In that case, the plaintiff was in an automobile accident and sought the services

of a personal injury firm.  While sitting in a conference room chair in the attorney’s office, the chair collapsed and plaintiff was seriously injured.  Plaintiff alleged that he was a business invitee and that the law firm owed a duty of reasonable care to warn him of the chair’s dangerous condition.

The evidence established the chair had been purchased years before and had been used daily without incident but that the law firm had not made any physical inspection of the chair.  The experts for both sides agreed that the defect in the chair was a manufacturing defect which had been there since the chair was produced and that it was not visible to a visual inspection.

Plaintiff’s expert testified that it was appropriate to do a “flex test” of the chairs every six months and that a hands on inspection of the chair in that manner would have found the weakness.  The defendant’s expert testified that that kind of inspection would reveal nothing and that the best test was daily use.  The jury found for the plaintiff and a substantial judgment was awarded against the law firm.

The Fourth District reversed in Fetterman and Associates, P.A., v Friedrich, 69 So. 3d 965 (Fla. 4th DCA 2011).  The Court relied for its reversal on the cross examination of plaintiff’s expert in which he admitted that he had no opinion as to when exactly the failure of the chair would have been discoverable and that it could have been at any time prior to the accident.  Thus, he testified that he had no time frame as to when the testing would have been effective.
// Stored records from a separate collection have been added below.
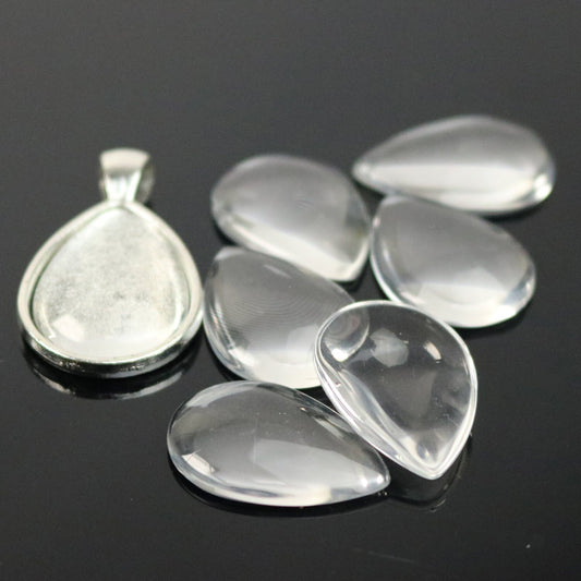 Pendant BEZELS with GLASS Magnifying Tear Drop Domes Cabochon - 5 sets 10 pcs - 18x25mm 3/4x1 inch Antique Silver Bezel and Glass Cabochon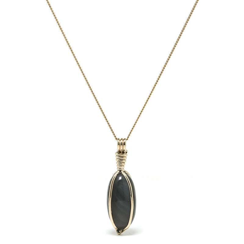 This Grey Moonstone Polished Crystal is from India and is wrapped in 9Kt Yellow Gold.
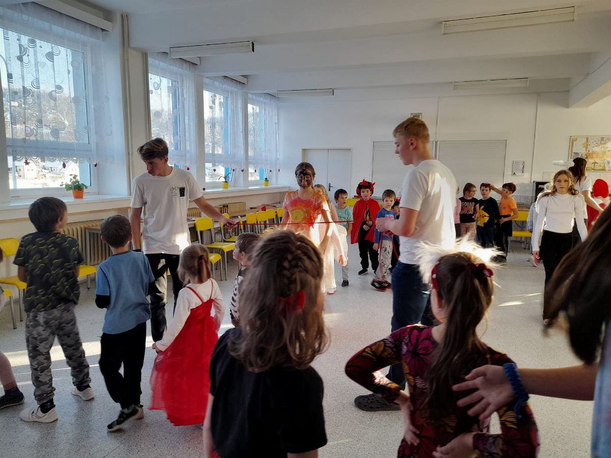 V úterý 5. 12. 2023 se uskutečnilo v naší škole disco. Vše připravili žáci z 9. a 8. třídy. Děti měly krásné kostýmy. Samozřejmě hrála hudba a všichni tančili. Konaly se různé soutěže. Za výhru byla sladká odměna. Všechny to moc bavilo a moc děkujeme.
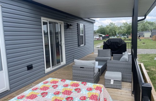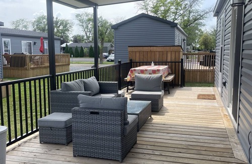 Modern Trailer Home VineRidge Resort Niagara on the lake 3 bedrooms sleeps 6 salt water pool, 1 acre Pool, basketball courts, tennis court. Close to falls. Wine tasting tours, historical Niagara on the lake. Fort George, Casino mins away #niagarafalls there is a 200$ refundable security deposit upon checking in

The Supreme Court reversed the Fourth District and reinstated the verdict, finding that the Fourth District had impermissibly reweighed the evidence that was presented to the jury and that there was sufficient evidence to support the verdict.  At Page 770, the Supreme Court held:

Here, the jury was presented with conflicting testimony

as to whether the negligence probably caused the

injury and whether the injury would not have occurred

but for the negligence.  Evidence was presented that

could serve as a basis to support a finding that the

defendant’s negligence caused the injury, i.e.,

Friedrich’s expert testified that a hands-on inspection

should have revealed the defect.


Based on the conflicting testimony above, whether

the weak joint in the chair would have been discovered

if Fetterman had a procedure in place to inspect the

chair was ultimately an issue to be determined by the

jury.  In this case, there is sufficient “proof that the

negligence probably caused the plaintiff’s injury,”
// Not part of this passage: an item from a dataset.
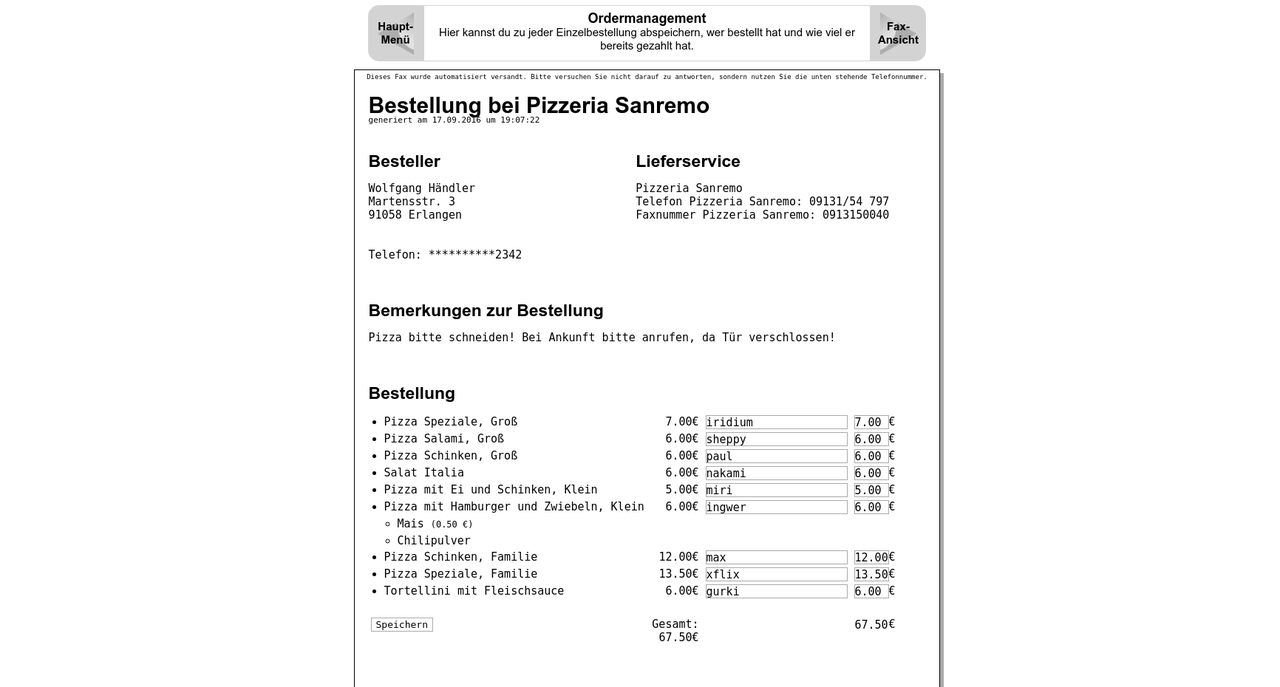 Als 2013 die Pizza-Lieferwebsiten ankündigten, ihre Provision zu erhöhen und ich erfuhr, dass von einer Bestellung etwa 15% an pizza.de gehen, war bei mir das Maß voll. In der Fachschaft der Uni haben wir zu dieser Zeit monatlich für mehrer hundert Euro Pizza bestellt und die Kohle wollte ich bei den Pizzabäckern wissen und nicht in einem erpresserischen System von Lieferwebsites versickern lassen. Telefonisch bestellen ist aber aufgrund häufig gebrochenem Deutsch bei den Pizzerien nur schwer möglich. Die Lösung war, das (ziemlich obfuskierte) javascript eines Anbieters zu reversen und eigenen Code zu injecten. Fortan war es möglich, eine Bestellung online zusammen zu stellen, aufzuschreiben, wer welche Pizza wollte, dann einen Knopf zu drücken und die Bestellung per Fax über meine Seite abzuwickeln - kostenlos für alle Beteiligten natürlich.Ende 2016 hat der Anbieter leider seine Website umgestaltet und weil der Pizza-Konsum in der Zwischenzeit deutlich zurückgegangen war und viele Erlanger Pizzerien inzwischen eigene Websites hatten, hab ich mir nicht nochmal den Aufwand gemacht, das Projekt wiederzubeleben.

such that the trial court did not err in denying

Fetterman’s motion for a directed verdict.  Gooding,

supra, at 1018.


What is interesting about this opinion is that the cross examination of plaintiff’s expert resulted in an admission that it was possible that an inspection, even if performed as plaintiff’s expert thought was reasonable, might not have revealed the defect.  Notwithstanding that testimony, the Supreme Court relied upon the expert’s conclusion that it was probable that an inspection would have revealed the defect.  The Supreme Court held, in essence, what Gooding, supra, requires is any admissible evidence that there is a probability that defendant’s negligence caused plaintiff’s injury.  Once that testimony is admitted, even if its underpinnings are rendered suspect by an inability of the witness to establish within certainty that that probability would have occurred under the facts of the case, the assertion of the expert opinion that it is more likely than not that the negligent act caused the injury is sufficient to support a jury determination.  While reasonable people could differ as to the sufficiency of the support for the expert’s opinion, that is precisely why jury trials are utilized to make findings of fact and a directed verdict is prohibited under those circumstances.